執筆のアドバイス
私は早速ノートパソコンを取り出して電源を入れた。起動するまで待っている間、東雲さんのほうを見ると、なぜか頬杖を突きながらニヤリと笑っていて……。なんだろう? 何か面白いことでもあったのだろうか? 疑問を抱きつつ、しばらく待つとパソコンが立ち上がってきた。パスワードを入力する画面が表示される。私は『yuki』と入力してログインボタンを押した。すると、デスクトップ画面にいくつかのアイコンが表示された。その中にテキストエディタがある。私はそれをクリックして新しいウィンドウを開いた。
「それで、まずはどうすればいいですか?」
「そうだね……」
東雲さんは腕組みをして考え込んだ。どうやら真剣に考えてくれているらしい。その様子はとても頼もしく見えた。

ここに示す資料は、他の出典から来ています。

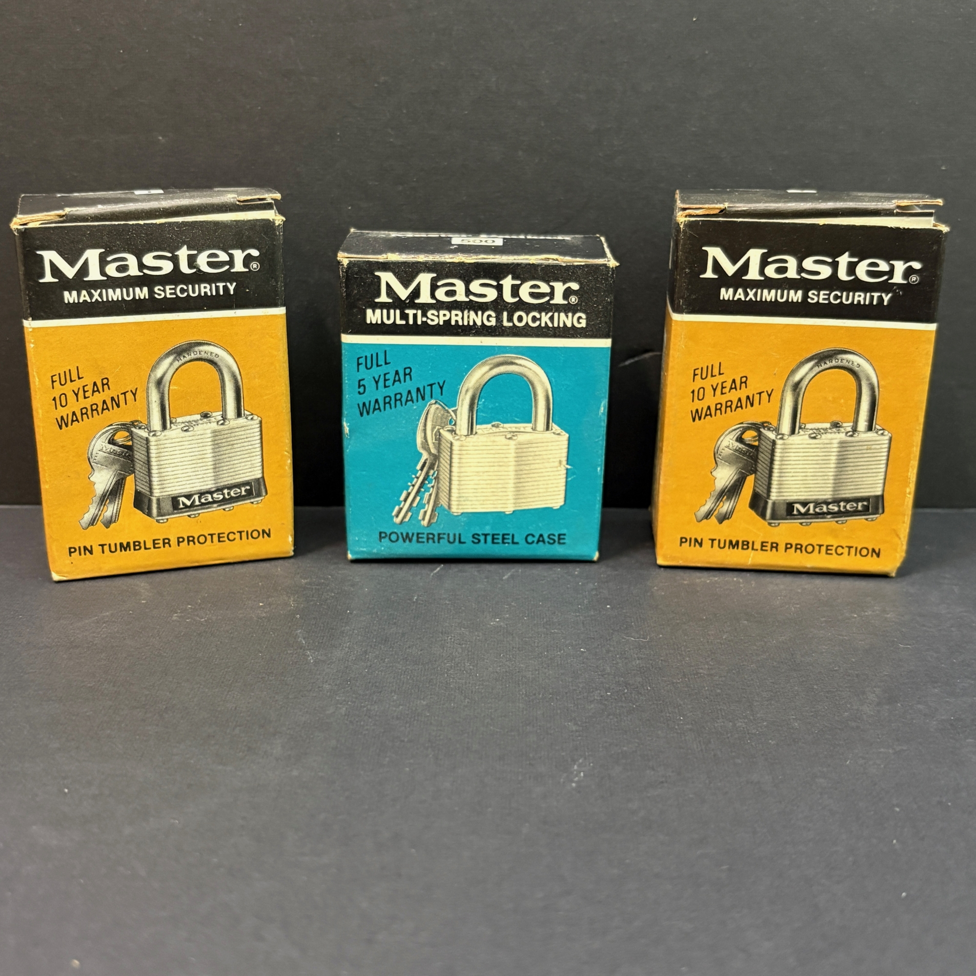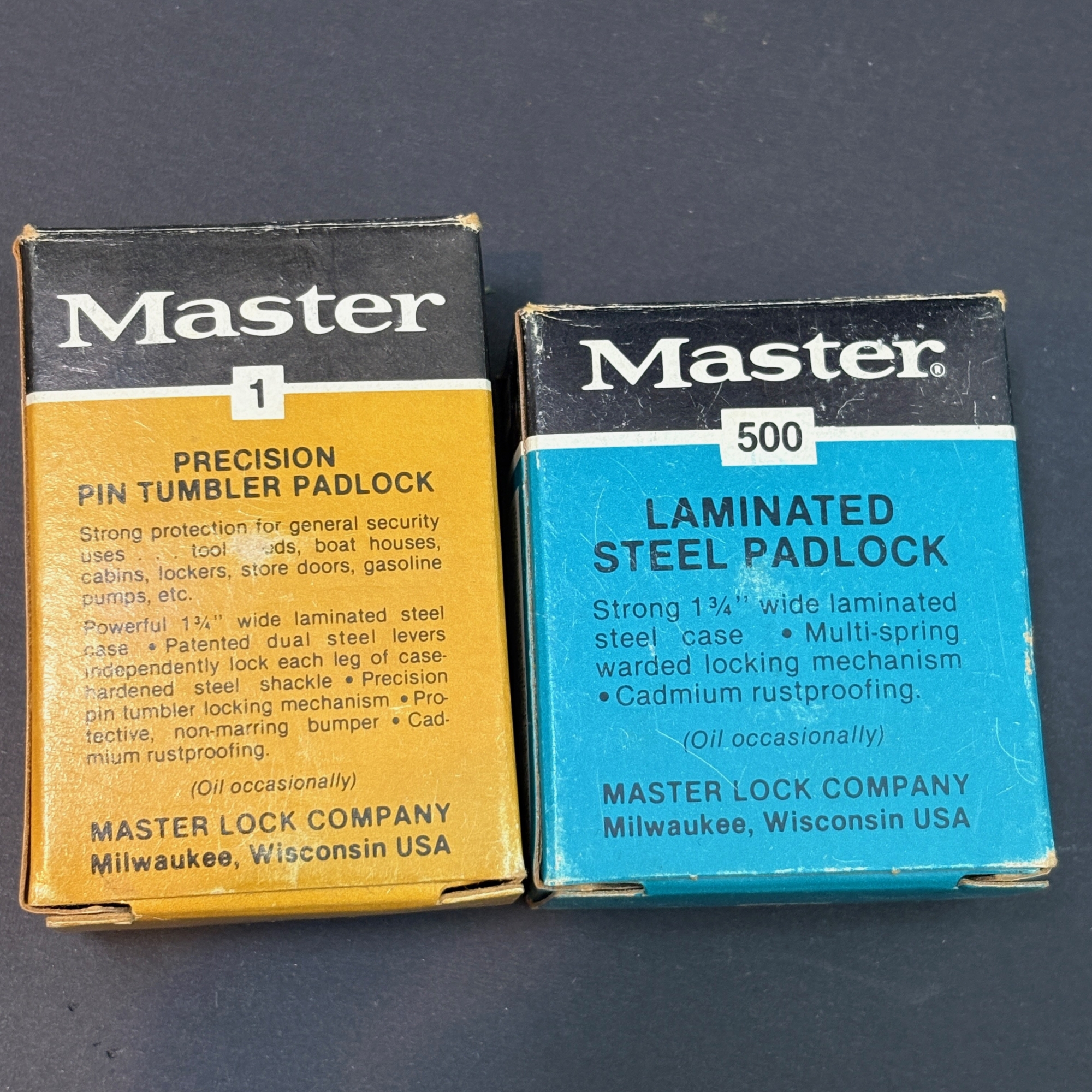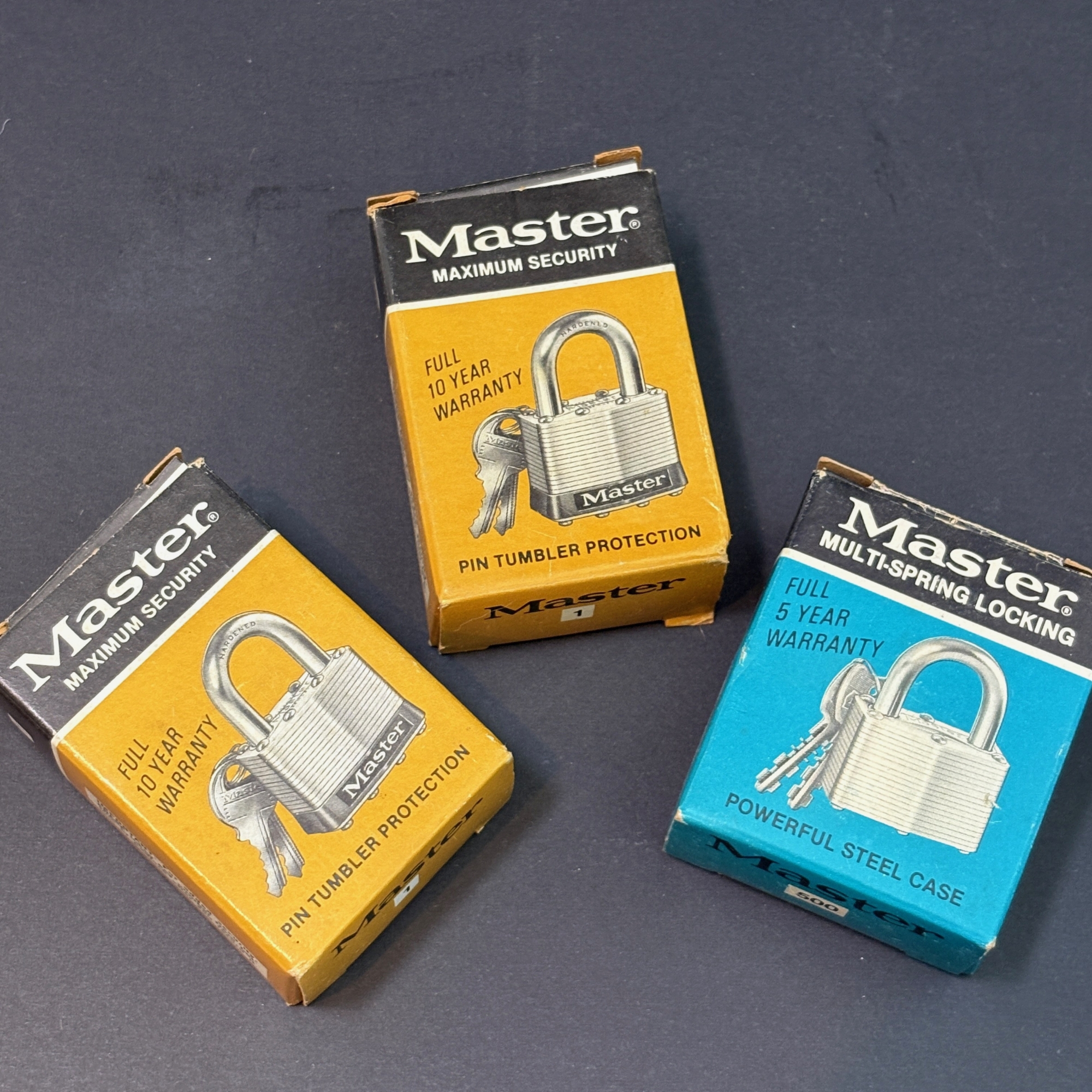 One yellow box (#1) is missing the keys. The keys to the other yellow box work.

「最初は登場人物の設定を決めてみるのがいいんじゃない?」
「なるほど。登場人物ですね」
私はメモ帳を開いて書き込んでいった。
「ちなみにだけど、主人公の名前は決まってるの?」
「いいえ、まだ決めていません」
「そっか。じゃあ、先に名前を決めちゃおうよ」
「分かりました。主人公の名前は……」
私はそこで言葉を止めて考えた。主人公は女の子だ。年齢は十代半ばで、中学生という設定である。身長は百五十センチ弱くらいだろうか。髪の長さは肩にかかる程度で、色は黒。顔立ちはやや幼く見えるものの、可愛らしさもある。服装は動きやすい格好を好んでいる。趣味はお菓子作りと読書。家族構成は両親と妹がいる。そして、この物語の主人公には好きな人がいた。名前は……何と言っただろう? 確か、『ユウキ君』という名前だったと思うのだが。
「あの、主人公の名前が思いつかないんですけど……」
私は素直に相談した。
「え? そうなの?」
「はい。すいません」
「いや、謝ることないって。むしろ、そんなすぐに思いつくほうがおかしいし」
東雲さんは笑っていた。
「そうですかね?」
「そうだって。それに、そんなに気にすることないって。これから決めるんだし」
「そうですよね」
「うんうん。とりあえず、名前を考えてみようよ」
「そうします」
しかし、そう言われてもすぐに思いつかない。困ったなぁ……などと考えているうちに、ふと頭に一つの名前が浮かんできた。
「あ、そういえば」
「ん? 思いついた?」
「はい。主人公の名前は……『ユカ』でいきます」
「ユカちゃんかぁ。いいんじゃないかな」
「よかった。これで決まりです」
私はホッとした。なんとかなりそうである。
「じゃあ、次は恋人の設定かな」
「そうですね」
私は再びキーボードを叩き始めた。そして、しばらくしてから顔を上げた。
「あの、恋人ってどんな子にしましょうか?」
「うーん、どういう子がいいかな?」
「例えば、性格とか容姿の好みっていうか」
「そうだねぇ」
東雲さんは少しだけ考える素振りを見せた後、ゆっくりと話し始めた。
「主人公のことを好きになってくれる子だったら何でもいいんだけど」
「え? そうなんですか?」
「うん」
「でも、恋愛小説を書くなら、やっぱり恋愛対象として意識してくれるようなキャラクターにした方がいいんじゃ」
「まぁ、確かにそうなんだよね」
「……」
「でも、それなら最初から恋愛小説だって言っておけばいいんだよ」
「そういうものですか?」
「うん。恋愛小説を書いてます。だから、恋愛対象になる男性をお願いします。こう言えば、みんな真面目に考えてくれるはず」
「なるほど」
「それに、恋愛小説だからといって、必ずしも恋愛をするとは限らないでしょ?」
「たしかに」
「だから、そこはあんまりこだわらなくて大丈夫だよ」
「分かりました。じゃあ、そういうことにしておきます」
「うん」
東雲さんはにっこりと微笑んでいた。それから、私は主人公の名前、恋人役の名前を入力した。恋人役の設定だが、特に理由を決めなかった。強いて言うならば、なんとなくである。
「よし、それじゃあ書いてみよう!」
東雲さんの掛け声に合わせて、私はキーボードを打ち始めた。